Only in the last six years, there has been a great influx of research works that describe different types of research works using Twitter and Reddit data, nearly 2,500 papers are found in PubMed [1]. These works encompass countless applications, such as the usage of opioids [2], the flu [3], eating disorder [4] networks analyses, depression symptoms detection [5], and diabetes interventions [6], etc. While all the listed studies use data from Twitter and Reddit, we can only find code available for one of them. Additionally, the data acquisition methodology is different on each study and seldomly reported, a crucial step towards reproducibility of any of their analyses. When it comes to using Twitter data for drug identification and pharmacovigilance tasks, authors of works like [7-9] have been consistently releasing publicly available datasets, software tools, and complete Natural Language Processing (NLP) systems with their works. In an attempt to shift the biomedical community into better practices for research transparency and reproducibility, we introduce the Social Media Mining Toolkit (SMMT), a suite of tools aimed to encapsulate the cumbersome details of acquiring, preprocessing, annotating, and standardizing social media data. The need for a toolkit like SMMT arose from our work using Twitter data for the characterization of disease transmission during natural disasters [10] and mining large-scale repositories for drug usage related tweets for pharmacovigilance purposes [11]. We originally wanted to use other researcher’s tools and surprisingly we found very little code available with the majority outdated and non-functioning. Going one step back, we did find rudimentary Python libraries to interact with the Twitter API, but some of their learning curves are steep and not overly documented. We then decided to clean and integrate our code into a toolkit that would help us provide a comprehensive resource for other researchers/users to replicate our work and to use in their own analyses, hence SMMT was born. Parallel to tools like SMMT, there are other research groups that are outlining frameworks to streamline the mining of social media like Sarker et al. [12], which are complementary to the use and need of this tool.

Methods

Programmed using Python version 3 and the latest Twitter API interfaces, the functionality of SMMT is divided into three separate sets of tools: data acquisition tools, data preprocessing tools, and data annotation and standardization tools. The particular versions of the additional Python libraries used by SMMT are available at the github documentation [13] since they are constantly updated and refreshed. Besides extensive usage documentation, the tool also provides two end-to-end usage examples, as well as additional Google Colaboratory [14] interactive Python notebooks with data usage examples.
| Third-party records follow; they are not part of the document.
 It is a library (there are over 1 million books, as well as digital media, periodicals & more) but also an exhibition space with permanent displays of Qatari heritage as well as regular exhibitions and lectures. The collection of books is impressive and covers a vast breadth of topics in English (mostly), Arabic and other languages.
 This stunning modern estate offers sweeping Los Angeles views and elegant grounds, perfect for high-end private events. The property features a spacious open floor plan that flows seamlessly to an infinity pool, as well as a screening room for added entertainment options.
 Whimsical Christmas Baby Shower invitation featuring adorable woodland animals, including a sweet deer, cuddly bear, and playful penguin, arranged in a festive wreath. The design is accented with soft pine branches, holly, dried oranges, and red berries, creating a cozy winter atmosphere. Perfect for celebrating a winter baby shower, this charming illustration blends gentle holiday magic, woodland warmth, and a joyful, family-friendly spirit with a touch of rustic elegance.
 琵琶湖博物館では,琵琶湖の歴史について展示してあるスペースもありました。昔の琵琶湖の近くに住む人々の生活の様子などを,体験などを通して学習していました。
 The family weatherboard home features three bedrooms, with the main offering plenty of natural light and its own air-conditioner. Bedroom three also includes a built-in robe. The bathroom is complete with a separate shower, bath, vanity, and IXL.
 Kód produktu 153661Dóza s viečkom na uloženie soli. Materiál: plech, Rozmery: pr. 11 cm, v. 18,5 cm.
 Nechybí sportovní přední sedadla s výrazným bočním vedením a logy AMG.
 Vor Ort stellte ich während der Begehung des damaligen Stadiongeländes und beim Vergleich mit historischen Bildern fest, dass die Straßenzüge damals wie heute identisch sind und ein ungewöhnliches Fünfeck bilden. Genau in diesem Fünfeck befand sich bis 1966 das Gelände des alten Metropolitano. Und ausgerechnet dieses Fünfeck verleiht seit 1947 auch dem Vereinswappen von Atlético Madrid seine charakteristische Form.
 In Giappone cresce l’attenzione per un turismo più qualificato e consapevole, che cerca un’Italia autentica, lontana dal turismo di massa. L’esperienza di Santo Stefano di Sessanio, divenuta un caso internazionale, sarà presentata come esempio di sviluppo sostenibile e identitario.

Note than in order to use most of the functionality of SMMT, users need to sign-up to acquire access to the Twitter Application Program Interface API. Once approved, users will be provided a set of API credential keys, more information can be found in [15]. Fig. 1 shows all current components of SMMT. In the following sections we provide additional details of each category of available tools.

Fig. 1.

SMMT tools categories and purpose outline.

Data acquisition tools

The tools in this category are used to gather data from social media sites, namely Twitter for this initial release of SMMT. The most common way of acquiring Tweets is to use the Twitter streaming API [16]. Our toolkit provides two separate utilities to capture streaming data, one will gather all available tweets and will continue running until terminated (streaming.py), and the other will take a list of search keywords and number of desired tweets and will pull those from the current tweet stream (search_generic.py). Details on how to use these utilities can be found on the READ.ME file.

The most common and permitted way of sharing Twitter data publicly is by only sharing the tweet id number. This number then needs to be ‘hydrated’, which means that the Twitter API needs to be used to fetch all the complete tweet and additional meta-data fields. This is a vital step for most users trying to replicate other studies or analyses. We provide a utility called get_metadata.py which reads a list of tweet ids and hydrates them automatically.

One of the major drawbacks of the Twitter API is the fact that unless having paid access to it, researchers cannot extract all historical tweets for any given Twitter user. Also, extracting all tweets from a given time range is not always easily and efficiently possible with the API. For these purposes we provide a utility called scrape.py which, once given a list of Twitter handles and corresponding date ranges, will automatically scrape the Twitter page and pull the tweet ids of the desired user and date range. These tweet ids then need to be ‘hydrated’ to be able to fully use them.

Data preprocessing tools

After having acquired enough data for research purposes from the Twitter stream, or identified and ‘hydrated’ a publicly available dataset, there is a need to subset the tweets and process the tweets JSON files to extract the fields of interest. While seemingly trivial, most biomedical researchers do not want to work with JSON objects, and since around 70% of the JSON fields are not populated, precise preprocessing steps need to be carried out to clean the data and render it useful in friendlier formats.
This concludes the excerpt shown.